* _SUPPLIED RECORDS_
▼

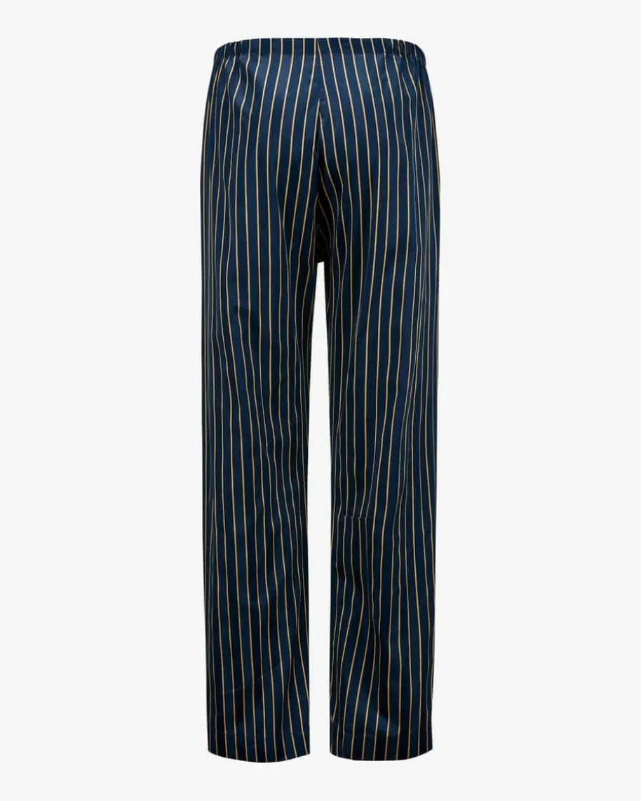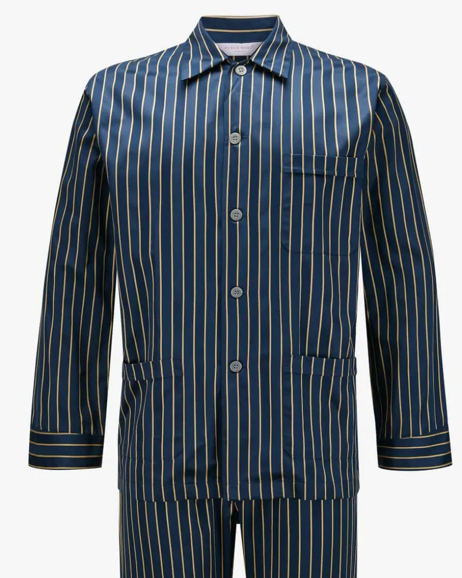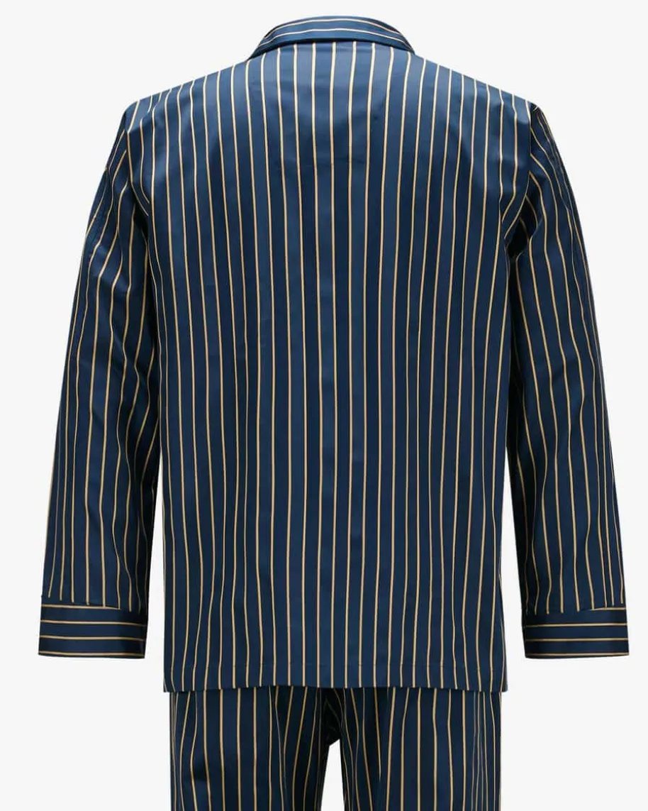 Pyjama für Herren von Derek Rose in Navy und Beige. Das Familienunternehmensteht für hochwertige Nachtwäsche und überzeugt mit exklusivem Komfort. DasLoungewear-Set verspricht dank der edel changierenden Baumwoll-Satin-Qualitätangenehme Wohlfühlmomente, während das zeitlose Streifen-Design für einen edlenLook sorgt.
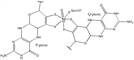 Většina molybdenových a wolframových proteinů má v aktivních místech dithiolenové komplexy s molybdopterinovými kofaktory, na které je navázán Mo nebo W.[4]
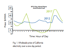 在加州等地,在太陽能和風能產量高的時候,上網電價會快速下跌,而在其他時候則會上漲。圖1顯示了加州2012年和2017年春季一天的電價。2012年的價格是由化石燃料發電廠制定的。2017年電價則受到了太陽能發電的影響,太陽能發電獲得了大量補貼。今天,燃氣輪機提供可調度的電力,以滿足調峰需求。
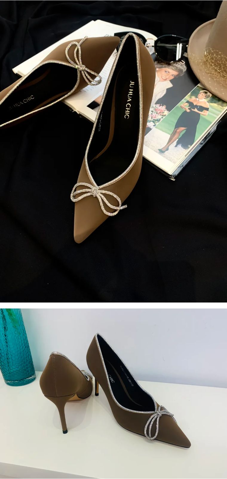 百搭的颜色,精致的水钻和黑色鞋面,更加的blingbling,镐级又精致。
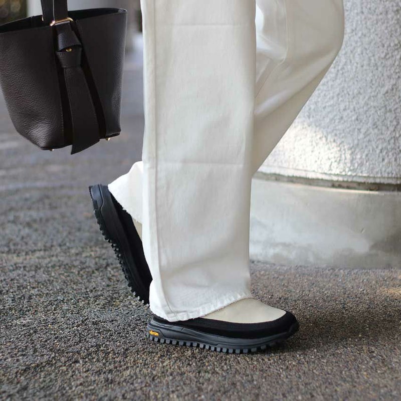 カジュアルな印象のサボも、スエードの高級感とゆったりとしたフォルムにより、どこか品のある“大人顔”な仕上がりに。
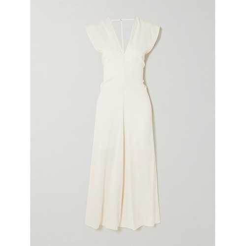 Hot Tags: Norsunpunainen hihaton syvä V midi -mekko
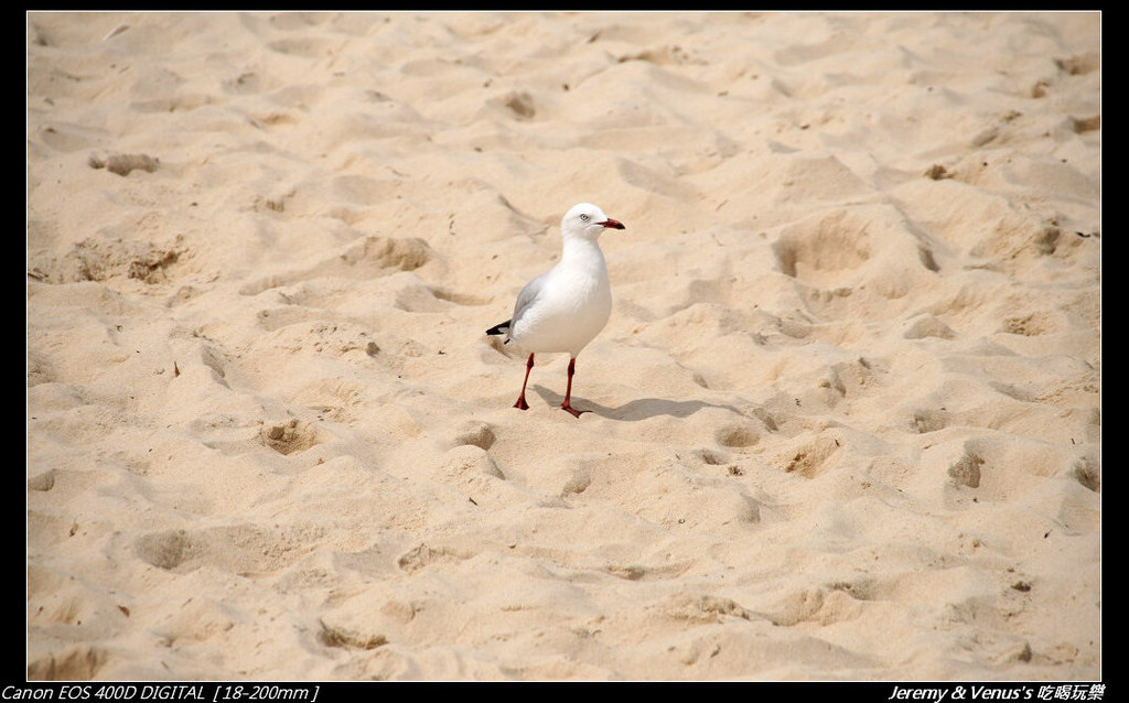 邦黛海灘,介紹是說這裡的沙非常的細白,讓你忍不住脫下鞋來,漫步在碧海藍天之間。比台灣墾丁的沙還要細白是沒錯,但比起馬爾地夫還差得遠了。這邊倒是衝浪的好地方,不過澳洲要衝浪當然還是要去黃金海岸啊!
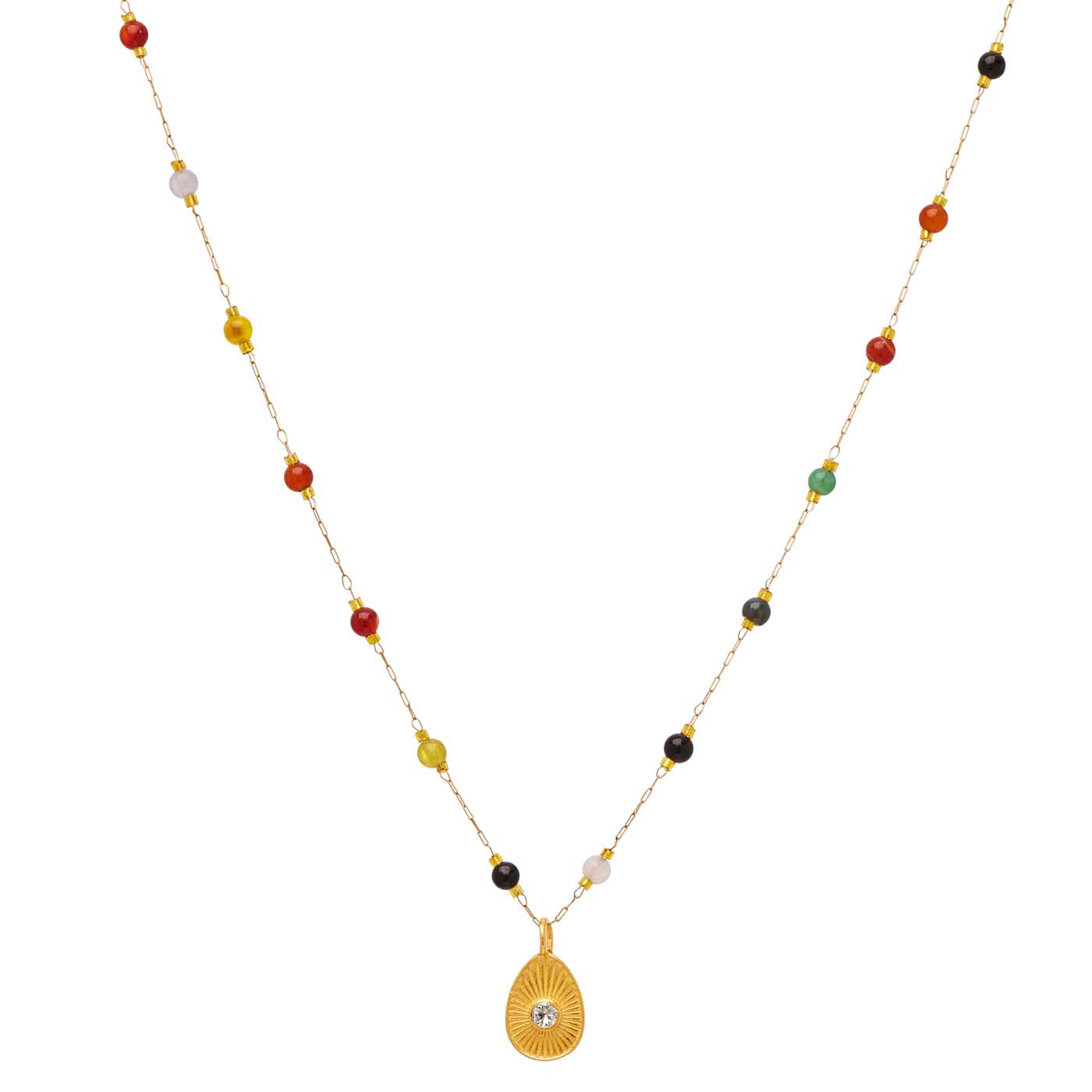 κολιέ από ορείχαλκο επίχρυσο αυγό με λευκό ζιργκόν, ροζάριο, μήκος 45εκ, κούμπωμα ανεροσόλ

▲

* _PROBLEM TO WORK ON_
All lines from the one bearing "在加州等地,在太陽能和風能產" through the last line of the records, and only those, should be duplicated exactly; no picture belongs in the copy.

* _ANSWER_
 在加州等地,在太陽能和風能產量高的時候,上網電價會快速下跌,而在其他時候則會上漲。圖1顯示了加州2012年和2017年春季一天的電價。2012年的價格是由化石燃料發電廠制定的。2017年電價則受到了太陽能發電的影響,太陽能發電獲得了大量補貼。今天,燃氣輪機提供可調度的電力,以滿足調峰需求。
 百搭的颜色,精致的水钻和黑色鞋面,更加的blingbling,镐级又精致。
 カジュアルな印象のサボも、スエードの高級感とゆったりとしたフォルムにより、どこか品のある“大人顔”な仕上がりに。
 Hot Tags: Norsunpunainen hihaton syvä V midi -mekko
 邦黛海灘,介紹是說這裡的沙非常的細白,讓你忍不住脫下鞋來,漫步在碧海藍天之間。比台灣墾丁的沙還要細白是沒錯,但比起馬爾地夫還差得遠了。這邊倒是衝浪的好地方,不過澳洲要衝浪當然還是要去黃金海岸啊!
 κολιέ από ορείχαλκο επίχρυσο αυγό με λευκό ζιργκόν, ροζάριο, μήκος 45εκ, κούμπωμα ανεροσόλ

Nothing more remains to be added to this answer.